Q1) Examine how cross cultural differences bring out humour in the story, A Horse and Two Goats'.?
Answers
The cultural difference between Muni and the American has probably been the greatest theme of the story AHorse and Two Goats. Narayan has depicted this clash of East vs West through the use of humour instead of seriousness. Muni is a common villager from Tamil Nadu, India.
Examine how cross cultural differences bring out humor in "A Horse and Two Goats."
One example of how cross cultural differences bring out humor is seen when Muni meets the khaki- clad outsider for the first time. From the initial greeting of "Nameste! How do you do?" Muni launches into a fairly detailed diatribe regarding his life: "My name is Muni. These two goats are mine, and no one can gainsay it though our village is full of slanderers these days who will not hesitate to say that what belongs to a man doesn't belong to him." This difference in cultural and language helps to bring out humor in the initial interactions between both men. Muni's launch into how the politics of the village maligned his name is about the last thing that the traveller wants to know or cares about. The initial exchange between both men is obscured by cultural differences. The lack of connect through language helps to bring out humor.

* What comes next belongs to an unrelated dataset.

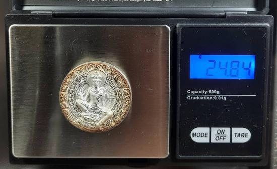 รายละเอียด เหรียญจตุคามรามเทพ รุ่นเจ้าสัวยุค8 วัดมหาธาตุวรมหาวิหาร จ.นครศรีธรรมราช ขนาด 3.2 ซม.เนื้อเงิน หมายเลข 3827 อยู่กล่องเดิมจากวัด

Cross cultural differences also reveal themselves in the sense of purpose in both men's lives. Purpose has been established for Muni. His purpose is so clearly established that it never dawns on him to question it. He has lived his life as a goat herder and with his wife in the village for so long that it is embedded within him. By contrast, the foreigner talks about how he is in India because of being trapped in an elevator "on the fortieth floor of the Empire State Building." The need to "look at other civilizations" is what motivates him to be at the same place that Muni has called home for so long. This cross cultural difference illuminates humor because both men are thrown into the same place at the same moment with such a sense of surreal randomness. There is little in way of logic or rationality to determine why their paths cross. As a result of the cultural condition of both men, reflective humor emerges.
Finally, cross cultural differences reveal humor in the ending of the story. Muni thinks that he has sold his goats and made a profit. The traveller thinks that he has purchased the statue at market price, something at which he can marvel back home. Humor is enhanced by the fact that Muni understands the spiritual significance to the statue, and yet cannot understand the nature of the transaction of which he is a part. This is furthered in the fact that the traveller likes the statue "in his living room," but fails to understand how it is an avatar of Vishnu that punishes those who have done evil at the end of the world. In the resolution to this misunderstanding, cultural differences in the form of language prevents either one from understanding the other. Yet, both get what they want. Muni gets the money he so coveted. The foreigner gets the statue he coveted. Neither one understands the other, believing opposite than what is true, and yet finds a sense of contentment. The lack of cultural understanding helps to provide an ending that is thought- provoking in its humor.